Please output all the entries word for word, without the pictures.

* * * * *

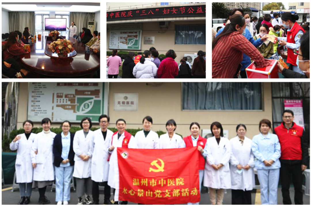 绿帽社 “三八女神节”系列活动院内活动 01 3月7日上午,妇科和水心景山党支部在水心院区联合打造了一场健康公益活动,不仅有孙云、胡欣欣、徐道芬、颜晓钏、方君辉、章国伟、赵玲玲等现场义诊,还有听健康讲座、体验中医护理技术、领药膳花…查看详情+
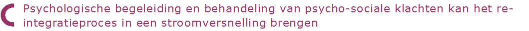 2) Direct aansluitend verzorgen wij het behandeltraject van psychologische, psychosociale en arbeidsgerelateerde klachten.
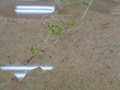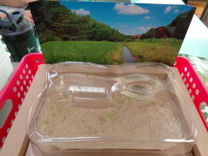 1学期の終わり頃から、カブトエビを育てています。夏休みに入るので、職員室にいどうさせました。体長は1cmほどですが、少しずつ大きくなっています。成長の様子をホームページでお知らせします。見たい人は、職員室まで来てください。
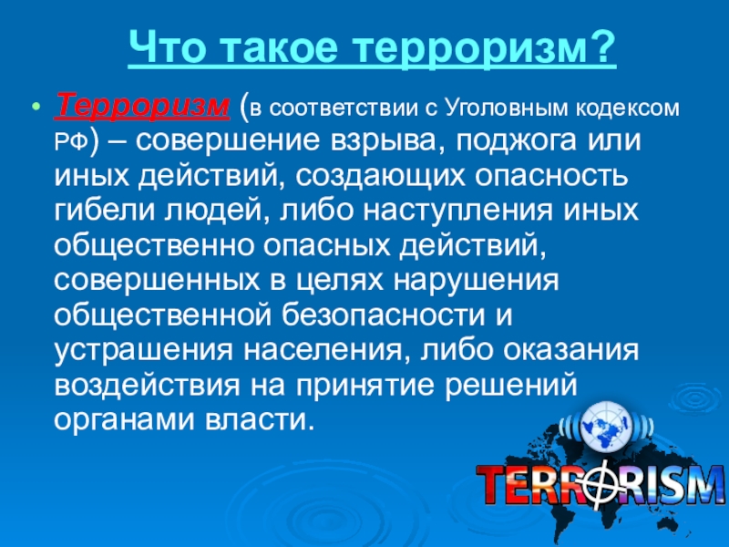 Терроризм (в соответствии с Уголовным кодексом РФ) – совершение
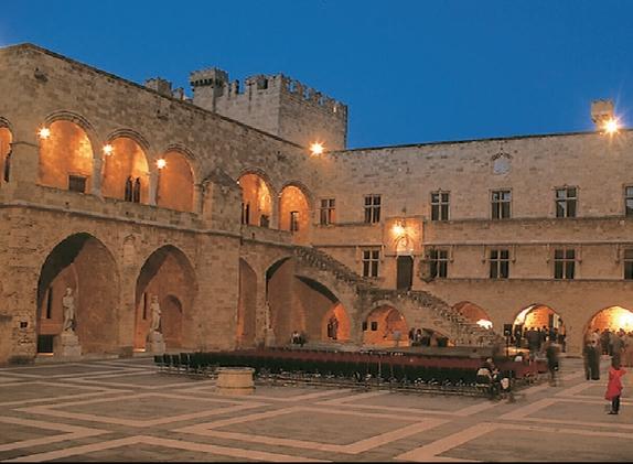 Улица Рыцарей выходит на площадь Платиа Клеовулу (Platia Kleovoulou) со входом во **Дворец Великих Магистров (6). Громадное здание шириной 75 и длиной 80 м занимает самую высокую точку Старого города, возвышается над гаванью Мандраки и видно издалека. Дворец с зубчатыми стенами и угловыми башнями похож на могучую крепость, вросшую в городскую стену. Нынешний облик Дворца – творение итальянцев: они возвели его в 1937-1940 гг. на руинах дворца времен иоаннитов (1309-1523), от которого после многочисленных землетрясений и взрыва порохового склада в 1856 году остались лишь фрагменты первого этажа и некоторых башен. Внешне реконструкция следует историческому образцу. Однако планировка внутренних помещений и их внутреннее убранство были полностью изменены, потому что дворец был предназначен для администрации и резиденции итальянского губернатора.

* * * * *

*Task answer*.
 绿帽社 “三八女神节”系列活动院内活动 01 3月7日上午,妇科和水心景山党支部在水心院区联合打造了一场健康公益活动,不仅有孙云、胡欣欣、徐道芬、颜晓钏、方君辉、章国伟、赵玲玲等现场义诊,还有听健康讲座、体验中医护理技术、领药膳花…查看详情+
 2) Direct aansluitend verzorgen wij het behandeltraject van psychologische, psychosociale en arbeidsgerelateerde klachten.
 1学期の終わり頃から、カブトエビを育てています。夏休みに入るので、職員室にいどうさせました。体長は1cmほどですが、少しずつ大きくなっています。成長の様子をホームページでお知らせします。見たい人は、職員室まで来てください。
 Терроризм (в соответствии с Уголовным кодексом РФ) – совершение
 Улица Рыцарей выходит на площадь Платиа Клеовулу (Platia Kleovoulou) со входом во **Дворец Великих Магистров (6). Громадное здание шириной 75 и длиной 80 м занимает самую высокую точку Старого города, возвышается над гаванью Мандраки и видно издалека. Дворец с зубчатыми стенами и угловыми башнями похож на могучую крепость, вросшую в городскую стену. Нынешний облик Дворца – творение итальянцев: они возвели его в 1937-1940 гг. на руинах дворца времен иоаннитов (1309-1523), от которого после многочисленных землетрясений и взрыва порохового склада в 1856 году остались лишь фрагменты первого этажа и некоторых башен. Внешне реконструкция следует историческому образцу. Однако планировка внутренних помещений и их внутреннее убранство были полностью изменены, потому что дворец был предназначен для администрации и резиденции итальянского губернатора.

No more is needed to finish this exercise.